---------- Source material ----------
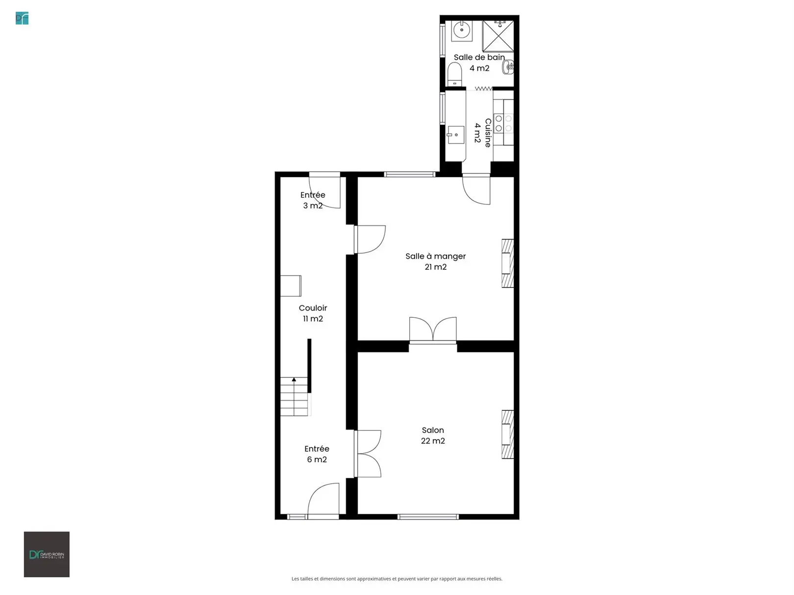salon 4,7m x 4,3m = 20,2m²
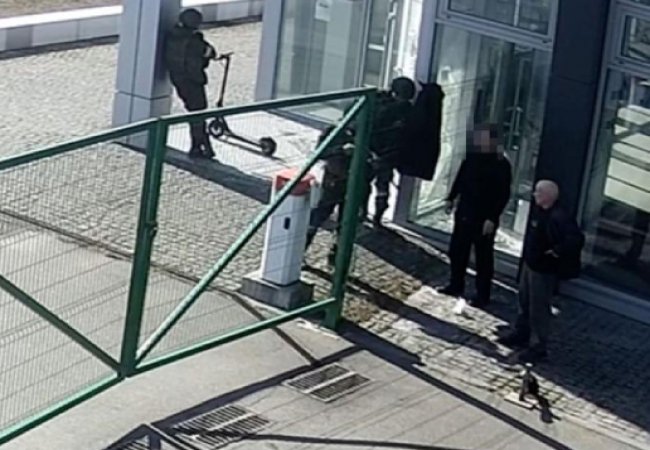 На відеозаписі зафіксовані п'ятеро російських солдатів, які намагаються проникнути в приміщення автосалону, стріляючи по замках і розбиваючи шибки.
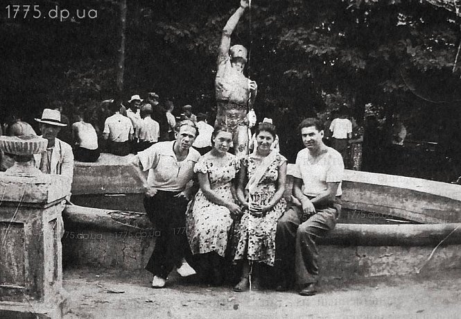 Парк у 1949 році. «У парку праворуч був дерев'яний літній клуб, там же бассейн зі спортсменом. На початку головної алеї стояли скульптури: ліворуч Леніну, праворуч Сталіну. Ще трохи праворуч, на клумбі, жінка з дитиною в руках. Далій- літня хата-читальня. Ближче до центру та праворуч - танцювальний майданчик. Наприкінці алеї стояла скульптура Орджонікідзе. Пізніше його переставлять у скверік 17 квартала. Скульптуру Леніна перенесуть на ш. им Леніна, а Сталіна скинуть у кар'єр». З книги «Криворізька зірка Колачевських"автори О.Мельник і І.Стеблина».
----------
▶ [Requirement] Go from the first line of the data above to the line containing "На відеозаписі зафіксовані" and retype exactly those lines, both included, but none of the pictures.

▶ [Written solution]
salon 4,7m x 4,3m = 20,2m²
 На відеозаписі зафіксовані п'ятеро російських солдатів, які намагаються проникнути в приміщення автосалону, стріляючи по замках і розбиваючи шибки.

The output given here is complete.